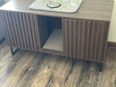 Buyer beware- A completely different item was shipped to me. Does not match the picture or description at all. Due to timing (urgent need to get it up before the holidays) I just kept it and although the design is not at all as described or pictured. It is functionally okay so far. The little magnet hinges constantly fall off when closing the door which is annoying. I recommend finding high sided litter boxes to fit in the cabinet to reduce mess inside the cabinet.
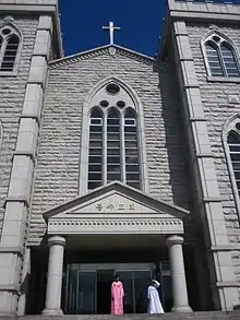 The church has since been rebuilt and relocated in 2008,[7][1] for a price of four billion won (4.3 million dollars), paid entirely by the South Korean Presbyterian Church Association.[8]
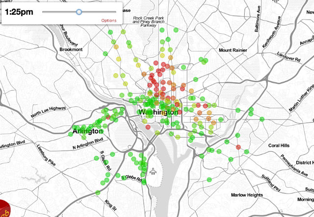 Are the Capital Bikeshare odds in your favor? That is, what are your chances of getting a bike at a certain station at a certain time? This tool from Code for DC, via Greater Greater Washington, can help solve the mystery.
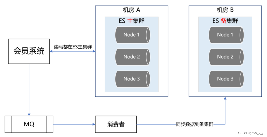 我们有两个机房,分别是机房 A 和机房 B。我们把 ES 主集群部署在机房 A,把 ES 备集群部署在机房 B。会员系统的读写都在 ES 主集群,通过 MQ 将数据同步到 ES
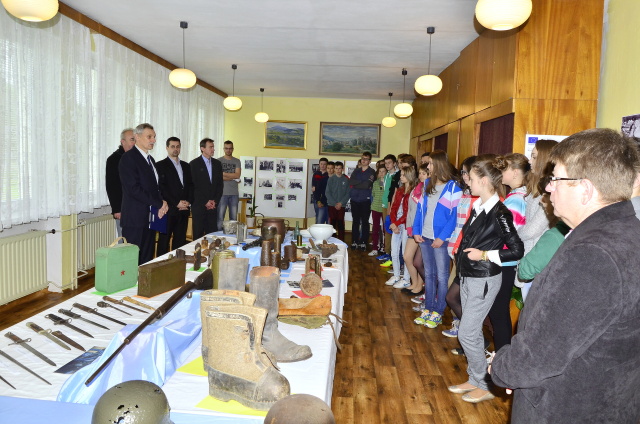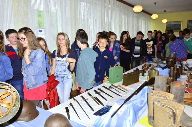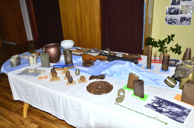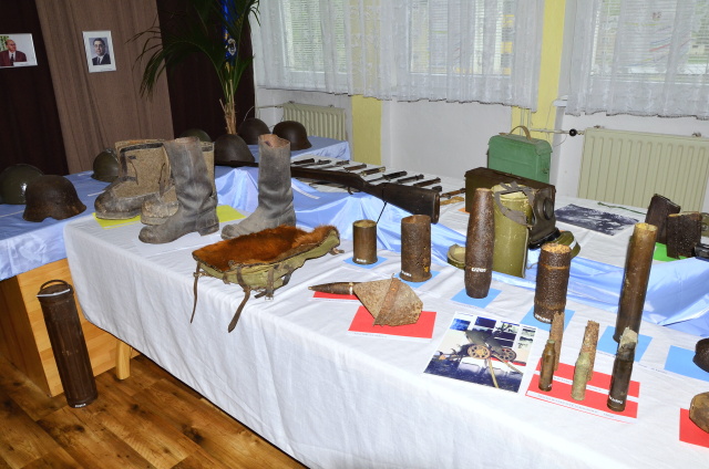 V týchto dňoch si obyvatelia miest a obcí pripomínajú 70. výročie ukončenia 2. svetovej vojny, najstrašnejšej udalosti v našich dejinách. V rámci májových osláv mesta Medzilaborce bola 6. mája 2015 otvorená v malej zasadačke MsÚ výstava vojnových artefaktov a fotodokumentácie za účasti Ing. Vladislava Višňovského primátora mesta, PhDr. Vladimíra Kokuľu hlavného kontrolóra mesta, Ing. Jozefa Antala tajomníka oblastného výboru SZPB, Vladimíra Šmigu predsedu základnej organizácie SZPB v Medzilaborciach, učiteľov, žiakov ZŠ Komenského a Duchnovičovej. V úvodnom príhovore primátor mesta vysvetlil zámer organizátorov v tom, že mladá generácia neoznala hrôzy vojny a preto na základe vystavených exponátov chceme, aby sa mládež oboznámila s históriou nášho kraja i dôsledkami, ktoré zo sebou priniesla pre tunajšie obyvateľstvo. Zároveň sa poďakoval spoluorganizátorom výstavy Petrovi Lukačíkovi a Vladimírovi Protivňakovi – zberateľom vojnových artefaktov za ich sprístupnenie a výklad o jednotlivých vystavovaných artefaktov pre návštevníkov výstavy.

════

In your copy of the material, every word must match and no image should appear.

• **Solution to this task**:
 Buyer beware- A completely different item was shipped to me. Does not match the picture or description at all. Due to timing (urgent need to get it up before the holidays) I just kept it and although the design is not at all as described or pictured. It is functionally okay so far. The little magnet hinges constantly fall off when closing the door which is annoying. I recommend finding high sided litter boxes to fit in the cabinet to reduce mess inside the cabinet.
 The church has since been rebuilt and relocated in 2008,[7][1] for a price of four billion won (4.3 million dollars), paid entirely by the South Korean Presbyterian Church Association.[8]
 Are the Capital Bikeshare odds in your favor? That is, what are your chances of getting a bike at a certain station at a certain time? This tool from Code for DC, via Greater Greater Washington, can help solve the mystery.
 我们有两个机房,分别是机房 A 和机房 B。我们把 ES 主集群部署在机房 A,把 ES 备集群部署在机房 B。会员系统的读写都在 ES 主集群,通过 MQ 将数据同步到 ES
 V týchto dňoch si obyvatelia miest a obcí pripomínajú 70. výročie ukončenia 2. svetovej vojny, najstrašnejšej udalosti v našich dejinách. V rámci májových osláv mesta Medzilaborce bola 6. mája 2015 otvorená v malej zasadačke MsÚ výstava vojnových artefaktov a fotodokumentácie za účasti Ing. Vladislava Višňovského primátora mesta, PhDr. Vladimíra Kokuľu hlavného kontrolóra mesta, Ing. Jozefa Antala tajomníka oblastného výboru SZPB, Vladimíra Šmigu predsedu základnej organizácie SZPB v Medzilaborciach, učiteľov, žiakov ZŠ Komenského a Duchnovičovej. V úvodnom príhovore primátor mesta vysvetlil zámer organizátorov v tom, že mladá generácia neoznala hrôzy vojny a preto na základe vystavených exponátov chceme, aby sa mládež oboznámila s históriou nášho kraja i dôsledkami, ktoré zo sebou priniesla pre tunajšie obyvateľstvo. Zároveň sa poďakoval spoluorganizátorom výstavy Petrovi Lukačíkovi a Vladimírovi Protivňakovi – zberateľom vojnových artefaktov za ich sprístupnenie a výklad o jednotlivých vystavovaných artefaktov pre návštevníkov výstavy.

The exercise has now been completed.